═════ Information supplied

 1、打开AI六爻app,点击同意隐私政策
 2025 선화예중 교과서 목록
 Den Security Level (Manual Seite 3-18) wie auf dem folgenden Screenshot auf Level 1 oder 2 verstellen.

══════════
═════ Information supplied

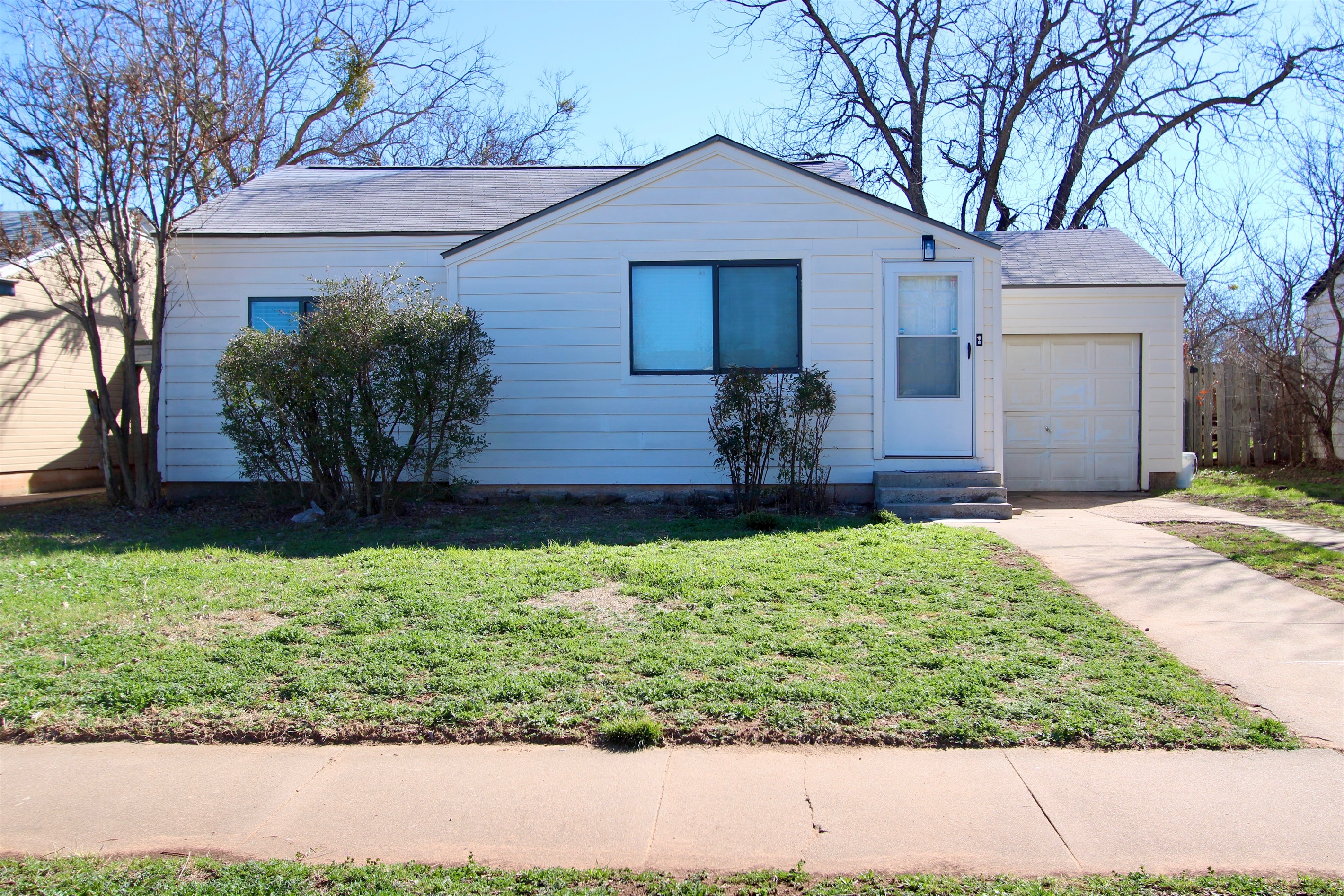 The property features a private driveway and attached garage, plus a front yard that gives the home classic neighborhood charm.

══════════

* [Task goal]:
What is needed is a verbatim copy of every line in the records above from the one containing "1、打开AI六爻app,点击同意隐私政策" down to the one containing "Den Security Level", both included, and nothing more.

* [Result below]:
 1、打开AI六爻app,点击同意隐私政策
 2025 선화예중 교과서 목록
 Den Security Level (Manual Seite 3-18) wie auf dem folgenden Screenshot auf Level 1 oder 2 verstellen.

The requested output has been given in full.